> _TASK DESCRIPTION_
Would you reproduce each line below exactly, leaving every picture out?

(Collected data entries)
============

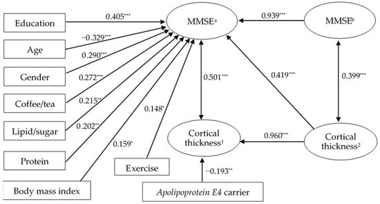 The correlation coefficients of demographic variables, three dietary patterns and MMSE. MMSE positively correlates with education, gender, 3DPs and exercise, except for age. Cortical thickness has an inverse correlation with APOE4 but a high correlation with MMSE. However, MMSE and cortical thickness have a pair-wise high correlation. Cortical thickness represents composite scores of hippocampus, amygdala and nucleus accumbens. Cortical thickness1: Time point corresponds to dietary pattern data collection; Cortical thickness2: available historical data with the closest time point with cortical thickness1. MMSEa: time point corresponds to dietary pattern data collection, MMSEb: one year prior to MMSEa; *: p-value < 0.05; **: p-value < 0.01; ***: p-value < 0.001. MMSE, Mini-mental state examination.
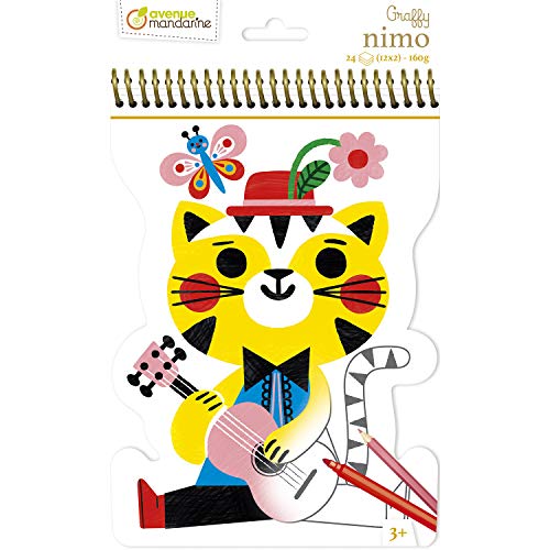 MY MANDARINE GY110C - Un Carnet de coloriage Graffy Nimo - 24 Pages Imprimées à Colorier 160g - À partir de 3 ans - CHAT
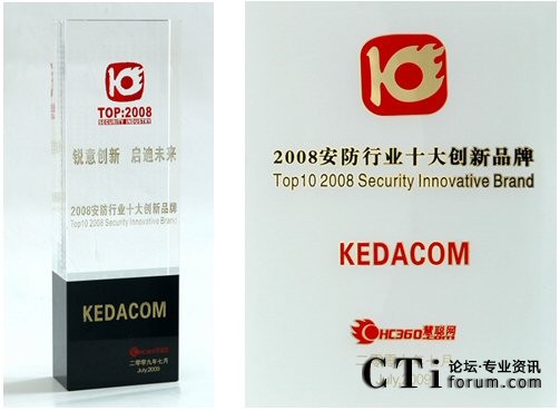 科達(dá)榮獲“2008安防行業(yè)十大創(chuàng)新品牌”
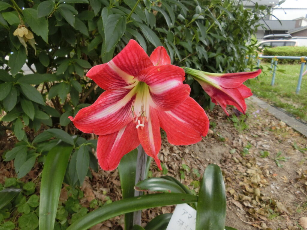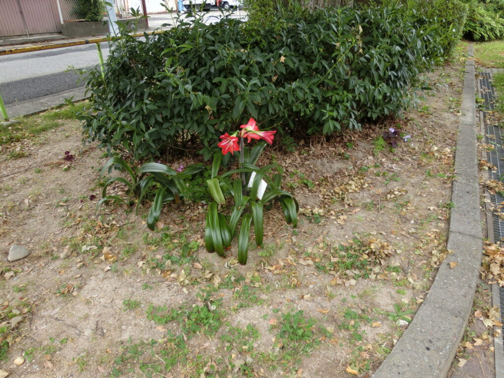 アマリリスが咲いています 2024年6月12日 最終更新日時 : 2024年6月23日 takatsubo 高坪公園たかつぼこうえんで、以前いぜんに近所きんじょの方かたからいただいて植うえたアマリリスが、花はなを咲さかせました。大おおきく鮮あざやかな花はなを咲さかせて、きれいですね。 FacebookXBluesky
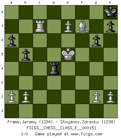 Last move : 1-0 2012 May 1 21:13:51 [Event "FICGS__CHESS__CLASS_E__000151"] [Site "FICGS"] [Date "2012.04.26"] [Round "1"] [White "Frame,Jeremy"] [Black "Stoyanov,Zdravko"] [Result "1-0"] [WhiteElo "1334"] [BlackElo "1238"] 1.e4 c5 2.Nf3 a6 3.c3 Nc6 4.d4 cxd4 5.cxd4 e6 6.Nc3 Bb4 7.Bd2 Nxd4 8.Nxd4 Qb6 9.Nf3 Bc5 10.Be3 Bxe3 11.fxe3 Qxe3+ 12.Be2 Nf6 13.Qd3 Ng4 14.Qxe3 Nxe3 15.Kf2 Ng4+ 16.Kg3 Nf6 17.e5 Nd5 18.Nxd5 exd5 19.Rac1 O-O 20.Rhd1 b5 21.Rxd5 Bb7 22.Rxd7 Bxf3 23.Bxf3 Rad8 24.R1c7 Rde8 25.Bd5 Rd8 26.Rxf7 Rxf7 27.Bxf7+ Kh8 28.e6 g6 29.e7 Rd3+ 30.Kf4 Rd4+ 31.Ke5 1-0 Sicilian : O'Kelly variation Kingside Castling by player Black (move 19) Player White won this chess game. Follow this game move after move (download)Life is a kind of Chess, with struggle, competition, good and ill events. (Benjamin Franklin) Woher wissen wir, daß der Neanderthaler Blindschach gespielt hat? -- Bei Ausgrabungen wurden keine Schachbretter und Figuren gefunden. (Anonymous) Aquellos que dicen entender al Ajedrez, no entienden nada. (Robert Hubner) Ce qui caractérise les parties de combat, c'est que si le défenseur a constamment de difficiles problèmes à résoudre, l'attaquant doit chercher sans relâche de nouvelles possibilités d'attaque. (Koblentz) Gambling : The sure way of getting nothing from something. (Wilson Mizner)
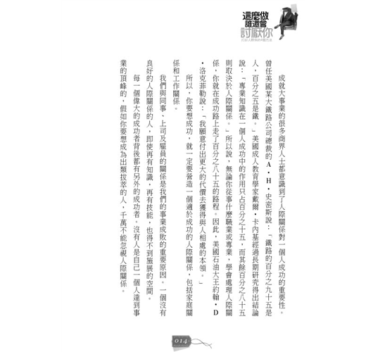 成就大事業的很多商界人士都意識到了人際關係對一個人成功的重要性。曾任美國某大鐵路公司總裁的A•H•史密斯說:「鐵路的百分之九十五是人,百分之五是鐵。」美國成人教育學家戴爾•卡內基經過長期研究得出結論說:「專業知識在一個人成功中的作用只占百分之十五,而其餘百分之八十五則取決於人際關係。」所以說,無論你從事什麼職業或專業,學會處理人際關係,你就在成功路上走了百分之八十五的路程。因此,美國石油大王約翰•D•洛克菲勒說:「我願意付出更大的代價去獲得與人相處的本領。」
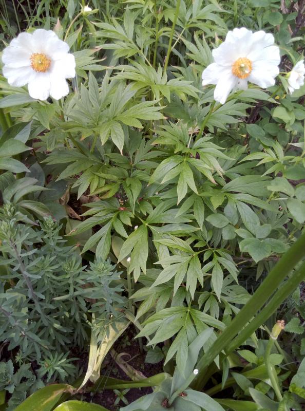 Paeonia tenuifolia x mascula öffnet ebenfalls die Blüten. :D

============

> _FINISHED TASK_
 The correlation coefficients of demographic variables, three dietary patterns and MMSE. MMSE positively correlates with education, gender, 3DPs and exercise, except for age. Cortical thickness has an inverse correlation with APOE4 but a high correlation with MMSE. However, MMSE and cortical thickness have a pair-wise high correlation. Cortical thickness represents composite scores of hippocampus, amygdala and nucleus accumbens. Cortical thickness1: Time point corresponds to dietary pattern data collection; Cortical thickness2: available historical data with the closest time point with cortical thickness1. MMSEa: time point corresponds to dietary pattern data collection, MMSEb: one year prior to MMSEa; *: p-value < 0.05; **: p-value < 0.01; ***: p-value < 0.001. MMSE, Mini-mental state examination.
 MY MANDARINE GY110C - Un Carnet de coloriage Graffy Nimo - 24 Pages Imprimées à Colorier 160g - À partir de 3 ans - CHAT
 科達(dá)榮獲“2008安防行業(yè)十大創(chuàng)新品牌”
 アマリリスが咲いています 2024年6月12日 最終更新日時 : 2024年6月23日 takatsubo 高坪公園たかつぼこうえんで、以前いぜんに近所きんじょの方かたからいただいて植うえたアマリリスが、花はなを咲さかせました。大おおきく鮮あざやかな花はなを咲さかせて、きれいですね。 FacebookXBluesky
 Last move : 1-0 2012 May 1 21:13:51 [Event "FICGS__CHESS__CLASS_E__000151"] [Site "FICGS"] [Date "2012.04.26"] [Round "1"] [White "Frame,Jeremy"] [Black "Stoyanov,Zdravko"] [Result "1-0"] [WhiteElo "1334"] [BlackElo "1238"] 1.e4 c5 2.Nf3 a6 3.c3 Nc6 4.d4 cxd4 5.cxd4 e6 6.Nc3 Bb4 7.Bd2 Nxd4 8.Nxd4 Qb6 9.Nf3 Bc5 10.Be3 Bxe3 11.fxe3 Qxe3+ 12.Be2 Nf6 13.Qd3 Ng4 14.Qxe3 Nxe3 15.Kf2 Ng4+ 16.Kg3 Nf6 17.e5 Nd5 18.Nxd5 exd5 19.Rac1 O-O 20.Rhd1 b5 21.Rxd5 Bb7 22.Rxd7 Bxf3 23.Bxf3 Rad8 24.R1c7 Rde8 25.Bd5 Rd8 26.Rxf7 Rxf7 27.Bxf7+ Kh8 28.e6 g6 29.e7 Rd3+ 30.Kf4 Rd4+ 31.Ke5 1-0 Sicilian : O'Kelly variation Kingside Castling by player Black (move 19) Player White won this chess game. Follow this game move after move (download)Life is a kind of Chess, with struggle, competition, good and ill events. (Benjamin Franklin) Woher wissen wir, daß der Neanderthaler Blindschach gespielt hat? -- Bei Ausgrabungen wurden keine Schachbretter und Figuren gefunden. (Anonymous) Aquellos que dicen entender al Ajedrez, no entienden nada. (Robert Hubner) Ce qui caractérise les parties de combat, c'est que si le défenseur a constamment de difficiles problèmes à résoudre, l'attaquant doit chercher sans relâche de nouvelles possibilités d'attaque. (Koblentz) Gambling : The sure way of getting nothing from something. (Wilson Mizner)
 成就大事業的很多商界人士都意識到了人際關係對一個人成功的重要性。曾任美國某大鐵路公司總裁的A•H•史密斯說:「鐵路的百分之九十五是人,百分之五是鐵。」美國成人教育學家戴爾•卡內基經過長期研究得出結論說:「專業知識在一個人成功中的作用只占百分之十五,而其餘百分之八十五則取決於人際關係。」所以說,無論你從事什麼職業或專業,學會處理人際關係,你就在成功路上走了百分之八十五的路程。因此,美國石油大王約翰•D•洛克菲勒說:「我願意付出更大的代價去獲得與人相處的本領。」
 Paeonia tenuifolia x mascula öffnet ebenfalls die Blüten. :D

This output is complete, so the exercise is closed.